**PROBLEM DESCRIPTION:**
Set down every line of the data exactly, skipping the pictures.

**DATASET RECORDS:**
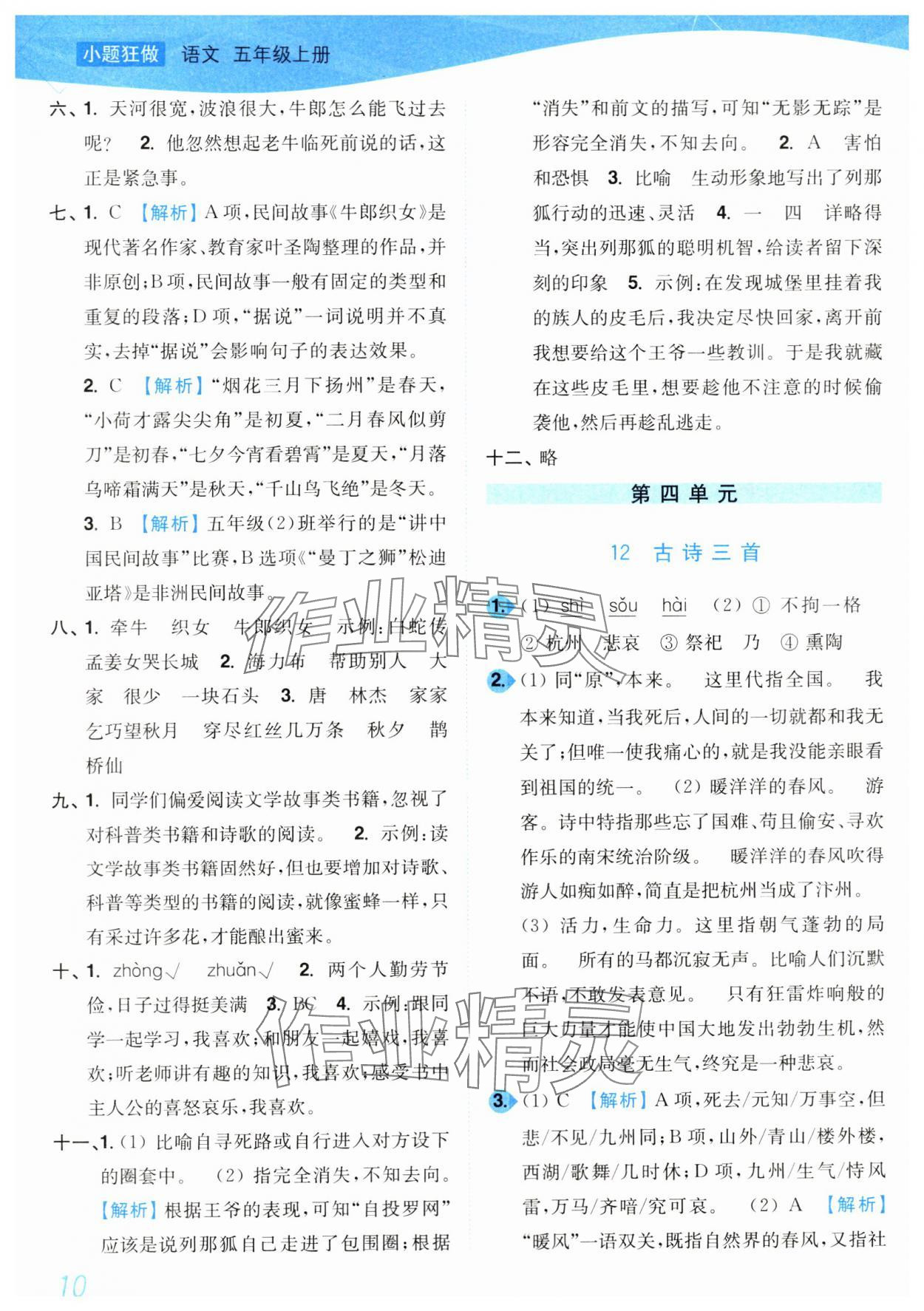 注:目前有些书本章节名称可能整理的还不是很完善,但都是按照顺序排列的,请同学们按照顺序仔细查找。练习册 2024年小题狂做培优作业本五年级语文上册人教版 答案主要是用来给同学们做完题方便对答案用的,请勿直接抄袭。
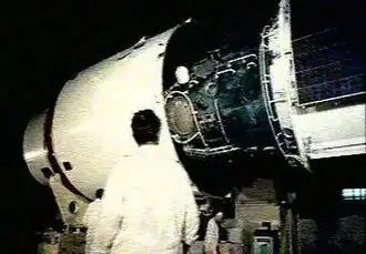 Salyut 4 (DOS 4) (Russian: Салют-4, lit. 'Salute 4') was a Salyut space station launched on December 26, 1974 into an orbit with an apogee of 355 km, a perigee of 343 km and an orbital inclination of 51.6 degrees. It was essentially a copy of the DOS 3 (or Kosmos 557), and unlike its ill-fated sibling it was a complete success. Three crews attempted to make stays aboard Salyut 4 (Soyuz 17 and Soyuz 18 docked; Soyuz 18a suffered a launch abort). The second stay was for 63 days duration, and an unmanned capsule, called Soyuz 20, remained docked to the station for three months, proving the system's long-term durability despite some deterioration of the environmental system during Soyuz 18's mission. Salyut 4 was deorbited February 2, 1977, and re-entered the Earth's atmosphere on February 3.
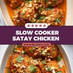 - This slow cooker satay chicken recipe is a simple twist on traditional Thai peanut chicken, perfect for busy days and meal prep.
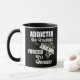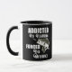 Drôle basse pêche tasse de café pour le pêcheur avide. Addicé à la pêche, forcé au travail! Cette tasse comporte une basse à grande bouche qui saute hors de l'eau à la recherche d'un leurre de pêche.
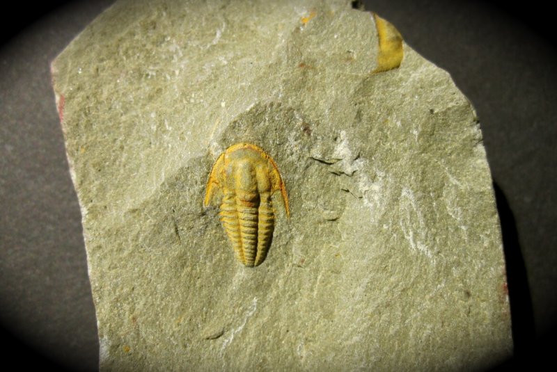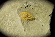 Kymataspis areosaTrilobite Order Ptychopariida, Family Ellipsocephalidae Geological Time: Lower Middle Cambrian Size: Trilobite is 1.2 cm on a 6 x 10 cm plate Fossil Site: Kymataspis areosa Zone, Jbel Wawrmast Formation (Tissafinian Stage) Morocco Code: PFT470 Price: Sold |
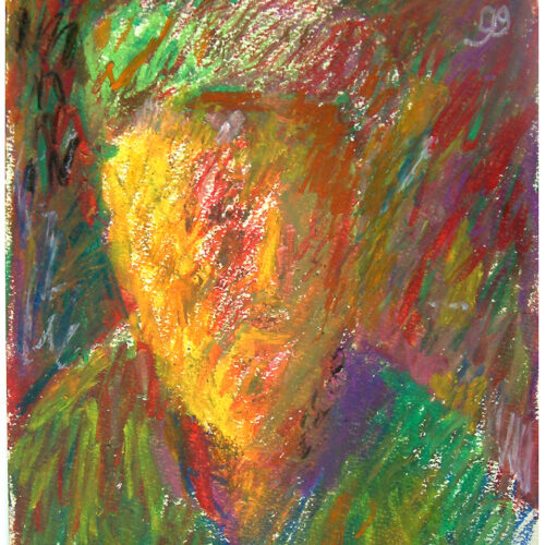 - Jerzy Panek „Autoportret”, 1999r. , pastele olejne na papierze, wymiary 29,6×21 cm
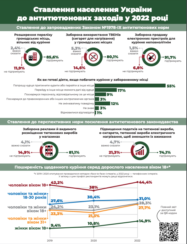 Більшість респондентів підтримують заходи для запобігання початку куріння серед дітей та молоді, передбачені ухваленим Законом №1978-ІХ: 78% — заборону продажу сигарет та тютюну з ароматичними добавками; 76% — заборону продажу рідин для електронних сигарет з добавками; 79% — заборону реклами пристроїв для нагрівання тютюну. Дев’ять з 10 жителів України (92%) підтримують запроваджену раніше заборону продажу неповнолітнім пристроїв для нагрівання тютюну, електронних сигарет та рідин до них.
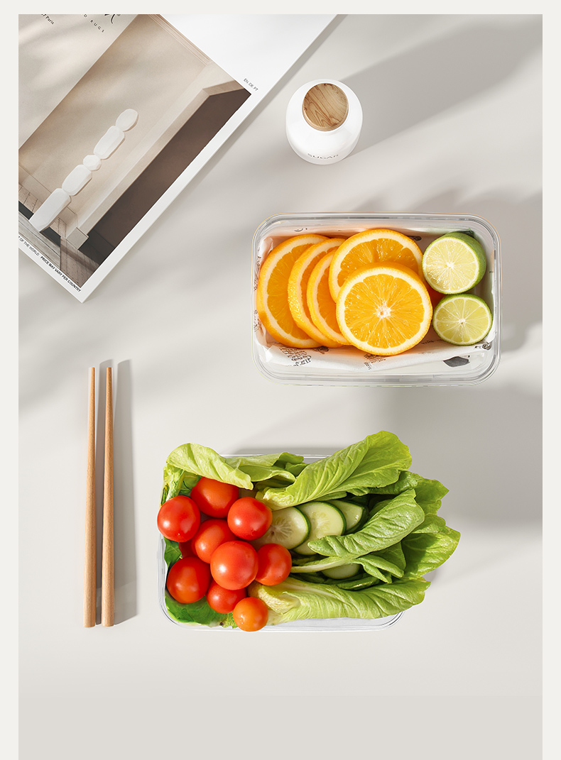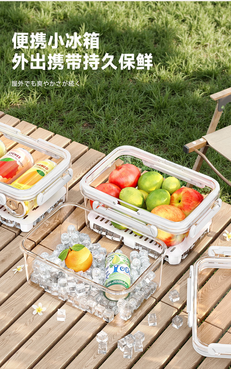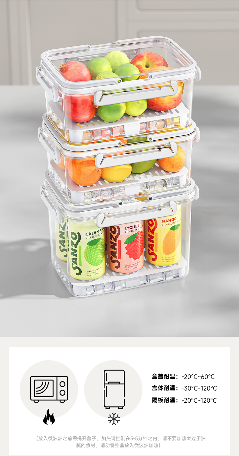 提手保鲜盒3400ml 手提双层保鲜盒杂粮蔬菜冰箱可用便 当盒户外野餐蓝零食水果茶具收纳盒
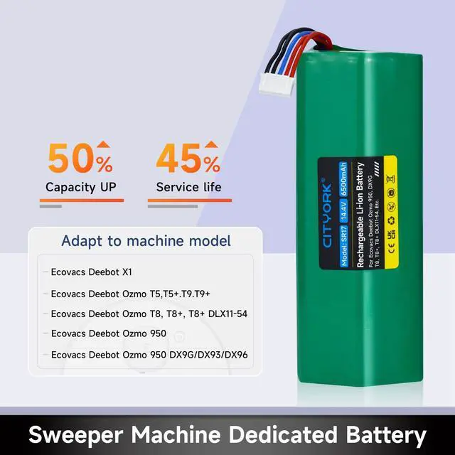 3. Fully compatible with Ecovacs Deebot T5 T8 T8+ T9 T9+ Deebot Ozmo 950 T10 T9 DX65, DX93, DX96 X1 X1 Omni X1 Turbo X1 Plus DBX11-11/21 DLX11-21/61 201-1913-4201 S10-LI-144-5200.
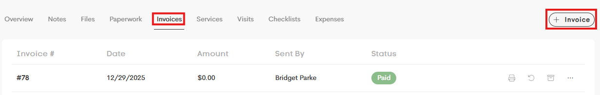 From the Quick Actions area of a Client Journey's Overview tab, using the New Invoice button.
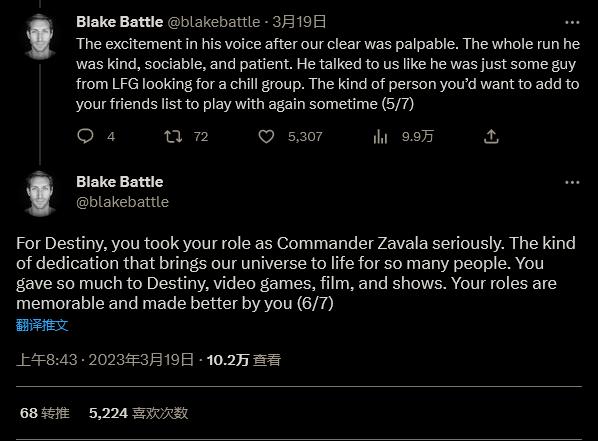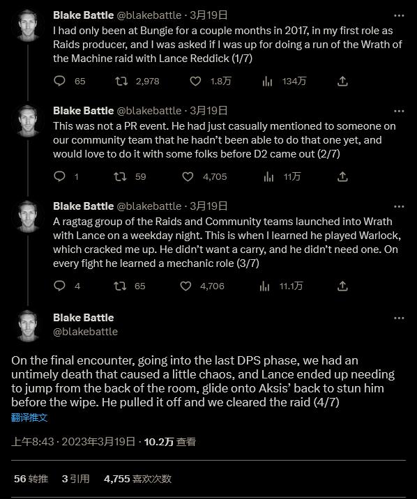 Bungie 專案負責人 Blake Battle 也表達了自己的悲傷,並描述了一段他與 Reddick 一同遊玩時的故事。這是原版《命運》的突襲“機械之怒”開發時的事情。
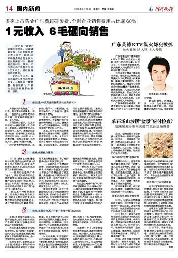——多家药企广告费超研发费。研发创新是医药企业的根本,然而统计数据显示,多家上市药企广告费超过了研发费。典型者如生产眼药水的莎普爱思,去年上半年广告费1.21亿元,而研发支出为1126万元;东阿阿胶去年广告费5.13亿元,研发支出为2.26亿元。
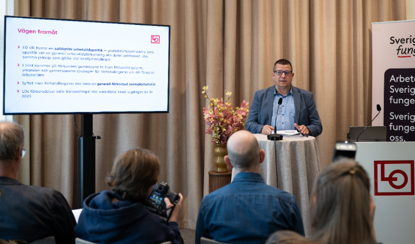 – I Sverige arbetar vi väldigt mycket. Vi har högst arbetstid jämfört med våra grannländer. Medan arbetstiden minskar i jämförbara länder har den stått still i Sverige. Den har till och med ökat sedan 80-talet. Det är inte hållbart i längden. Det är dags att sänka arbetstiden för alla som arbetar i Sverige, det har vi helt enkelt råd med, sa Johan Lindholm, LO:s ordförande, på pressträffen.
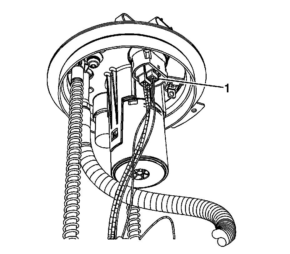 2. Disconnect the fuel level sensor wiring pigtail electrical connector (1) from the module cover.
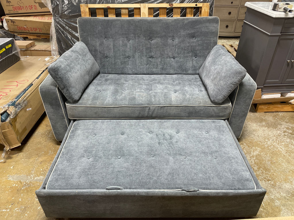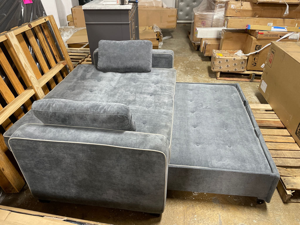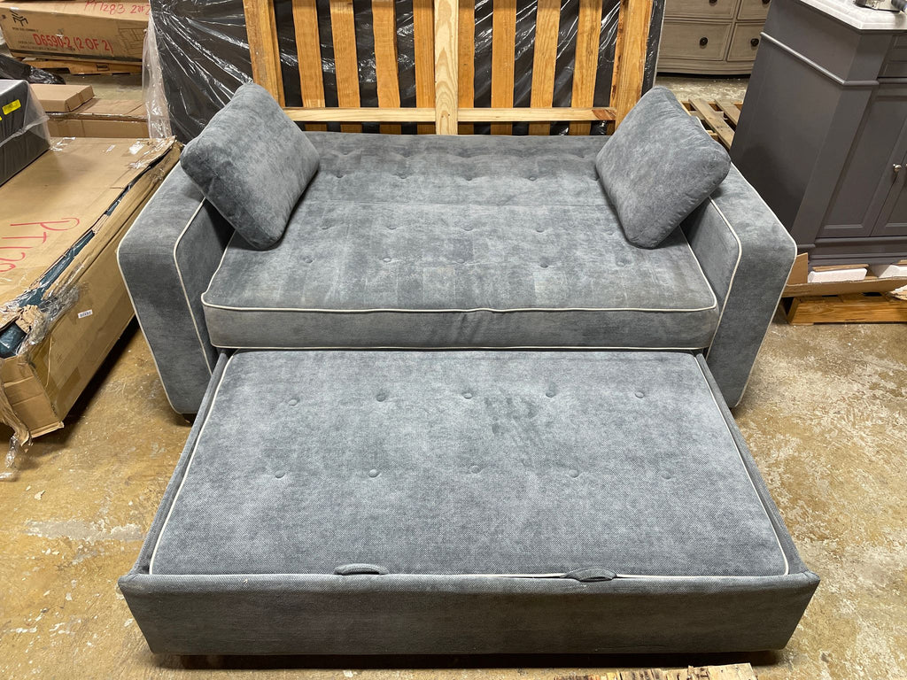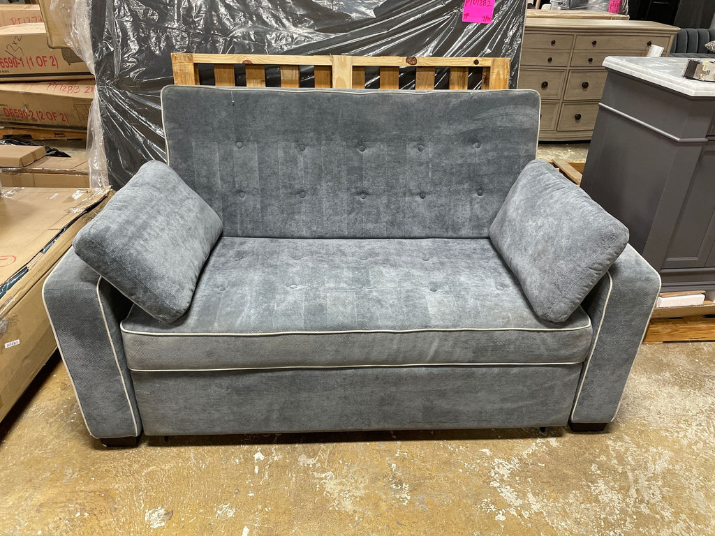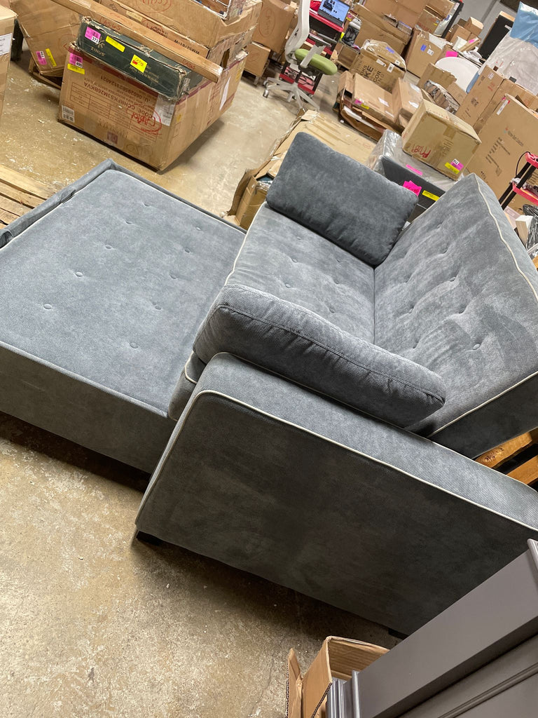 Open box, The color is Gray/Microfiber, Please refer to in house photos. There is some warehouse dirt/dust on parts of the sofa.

**RESPONSE BOX:**
 注:目前有些书本章节名称可能整理的还不是很完善,但都是按照顺序排列的,请同学们按照顺序仔细查找。练习册 2024年小题狂做培优作业本五年级语文上册人教版 答案主要是用来给同学们做完题方便对答案用的,请勿直接抄袭。
 Salyut 4 (DOS 4) (Russian: Салют-4, lit. 'Salute 4') was a Salyut space station launched on December 26, 1974 into an orbit with an apogee of 355 km, a perigee of 343 km and an orbital inclination of 51.6 degrees. It was essentially a copy of the DOS 3 (or Kosmos 557), and unlike its ill-fated sibling it was a complete success. Three crews attempted to make stays aboard Salyut 4 (Soyuz 17 and Soyuz 18 docked; Soyuz 18a suffered a launch abort). The second stay was for 63 days duration, and an unmanned capsule, called Soyuz 20, remained docked to the station for three months, proving the system's long-term durability despite some deterioration of the environmental system during Soyuz 18's mission. Salyut 4 was deorbited February 2, 1977, and re-entered the Earth's atmosphere on February 3.
 - This slow cooker satay chicken recipe is a simple twist on traditional Thai peanut chicken, perfect for busy days and meal prep.
 Drôle basse pêche tasse de café pour le pêcheur avide. Addicé à la pêche, forcé au travail! Cette tasse comporte une basse à grande bouche qui saute hors de l'eau à la recherche d'un leurre de pêche.
 Kymataspis areosaTrilobite Order Ptychopariida, Family Ellipsocephalidae Geological Time: Lower Middle Cambrian Size: Trilobite is 1.2 cm on a 6 x 10 cm plate Fossil Site: Kymataspis areosa Zone, Jbel Wawrmast Formation (Tissafinian Stage) Morocco Code: PFT470 Price: Sold |
 - Jerzy Panek „Autoportret”, 1999r. , pastele olejne na papierze, wymiary 29,6×21 cm
 Більшість респондентів підтримують заходи для запобігання початку куріння серед дітей та молоді, передбачені ухваленим Законом №1978-ІХ: 78% — заборону продажу сигарет та тютюну з ароматичними добавками; 76% — заборону продажу рідин для електронних сигарет з добавками; 79% — заборону реклами пристроїв для нагрівання тютюну. Дев’ять з 10 жителів України (92%) підтримують запроваджену раніше заборону продажу неповнолітнім пристроїв для нагрівання тютюну, електронних сигарет та рідин до них.
 提手保鲜盒3400ml 手提双层保鲜盒杂粮蔬菜冰箱可用便 当盒户外野餐蓝零食水果茶具收纳盒
 3. Fully compatible with Ecovacs Deebot T5 T8 T8+ T9 T9+ Deebot Ozmo 950 T10 T9 DX65, DX93, DX96 X1 X1 Omni X1 Turbo X1 Plus DBX11-11/21 DLX11-21/61 201-1913-4201 S10-LI-144-5200.
 From the Quick Actions area of a Client Journey's Overview tab, using the New Invoice button.
 Bungie 專案負責人 Blake Battle 也表達了自己的悲傷,並描述了一段他與 Reddick 一同遊玩時的故事。這是原版《命運》的突襲“機械之怒”開發時的事情。
——多家药企广告费超研发费。研发创新是医药企业的根本,然而统计数据显示,多家上市药企广告费超过了研发费。典型者如生产眼药水的莎普爱思,去年上半年广告费1.21亿元,而研发支出为1126万元;东阿阿胶去年广告费5.13亿元,研发支出为2.26亿元。
 – I Sverige arbetar vi väldigt mycket. Vi har högst arbetstid jämfört med våra grannländer. Medan arbetstiden minskar i jämförbara länder har den stått still i Sverige. Den har till och med ökat sedan 80-talet. Det är inte hållbart i längden. Det är dags att sänka arbetstiden för alla som arbetar i Sverige, det har vi helt enkelt råd med, sa Johan Lindholm, LO:s ordförande, på pressträffen.
 2. Disconnect the fuel level sensor wiring pigtail electrical connector (1) from the module cover.
 Open box, The color is Gray/Microfiber, Please refer to in house photos. There is some warehouse dirt/dust on parts of the sofa.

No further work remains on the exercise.